Updates in Story (and life)
A lot has happened over the course of this trip. It’s been very emotional at times and I’ve had to think a lot about my family and my future. Because the source material of this project is literally my life, a lot of where I wanted to go with this story has changed.
Before, the main focus of this story was going to be queerness. However, that feels a bit disingenuous; figuring out my identity was a struggle and affected me and my home life a lot, but it was never the biggest thing on my mind. I think I want it to be a lesser focus, and instead have the family’s relationship with each other take the spotlight. If this were a feature-length film, I’d dedicate more screentime to the other family members, and likely change the structure, but for the sake of this opening there’s really only a few changes.
Instead of a love interest going with Opal to see their family, it’s their older sibling picking them up from the train station (to go see their family). Also, I still plan on cutting to Incandescent, with the sound in the background being the parents fighting. Again, if this were longer I would change the structure, but for the sake of a two-minute opening I think it’s a solid device that will generate interest.
By the end of this week I will have developed a storyboard and detailed description of the plot, along with a timeline. But the rest of this post will be dedicated to two films I mentioned last time, Brokeback Mountain and Moonlight.
Film Studies
Content
The first thing I want to talk about is the overall story of each piece. Moonlight is about Chiron’s early life, in three different stages. My piece follows a similar structure, dividing the story in two stages, but the main difference is that each point in Chiron’s life is a specific range of time; a couple of days or weeks, after which it skips to about a decade or so later. Mine is kind of all over the place; Incandescent takes place during the “early years”, but that’s so vague. It makes more sense to keep it to one time frame, which will be Opal’s senior year of high school. Iridescent is a period lasting decades, which I’m not completely opposed to, as it juxtaposes the one year quite well, but at this point I want to cut that part completely.
As a matter of fact, as I write this section of the post, I’ve come to disagree with what I wrote earlier, regarding not changing the structure for the opening at all. Firstly, I finally landed on a title; Incandescent. Instead of it being just a piece of the story, it will be the entire story. I don’t feel as though I have enough life experience to write a version of me that doesn’t even exist yet. I will also follow Moonlight’s example of a triadic structure, though the points in time will be much closer.

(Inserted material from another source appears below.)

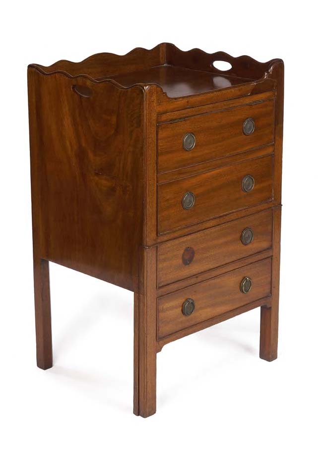 the waved gallery with pierced carrying handles above a rectangular top and lift out door with false drawer front and with pull out commode drawer below with similar frontage and with moulded and divided square legs to the front
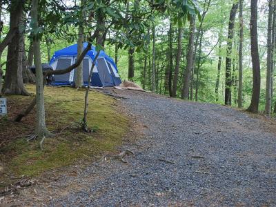 Site 42 - can hold a large tent or 2 to 3 two man tents. Private site. Good for car/van and roof-top camping. No motorcycles. A 5 minute walk to the bathhouse.

Back to content, I found that Brokeback Mountain’s isolation of Jack and Ennis in the beginning is an interesting way to bring characters together, and might be something I would try to explore for the first act, but it’s not really something I think I can tie into the plan I already have for the opening. I can isolate Sam when it cuts to him, but using isolation to develop one character is much different than using it to develop a relationship like Jack and Ennis’. I also like how Brokeback takes place over a long period of time, as long-term stories are definitely something I want to explore when I write as an adult. However, for reasons stated in the previous paragraph, that is no longer something I want to do for Incandescent.
Opening
What I found especially interesting between those two films and my ideas was the difference between what each wanted to establish. Brokeback used a series of Wide and Extreme Wide Shots throughout the first two minutes to establish setting. The serene, picturesque mountain range dwarfs Ennis, and it also juxtaposes the loud train that runs by Joe Aguirre’s drab office. It makes Ennis seem almost insignificant.
On the other hand, Moonlight uses it first two minutes to establish character. Interestingly, it establishes a side character, Juan. Juan is practically Chiron’s father in the movie, and his position is established with one continuous opening shot, following him exiting a car to check in with one of his drug dealers. The camera often winds around the scene’s action (a technique used a lot throughout the film) as Juan seems unbothered by the argument going on in front of him.
Of the two, Moonlight is more closely related to my own ideas, as I wanted to establish a character with my opening, but it gave me an interesting alternative. Instead of focusing on Opal, I could focus on a supporting character. This had influenced my decision to focus on a love interest in Tuesday’s post, which will now be changed to an older sibling. In terms of cinematography, I don’t find the continuous shot to be very appealing. It’s not very practical for the level of equipment I have access to, and besides that I don’t really like the technique very much. I do like the Extreme Wide Shots, and I think I will use them, but I don’t want to dedicate my entire two minutes to establishing setting. If anything it’ll just be one or two shots.
Takeaways
I’ve found a lot of inspiration in these films. Not just for my opening, but for the overarching story. But now that I’ve decided to shift my focus to include more of Opal’s family, I want to look for films that center around a single character while developing a supporting group. Doing so won’t be of much value to my opening, as I only need to hint towards those themes, but I would like to treat the project as if I were actually filming all of it.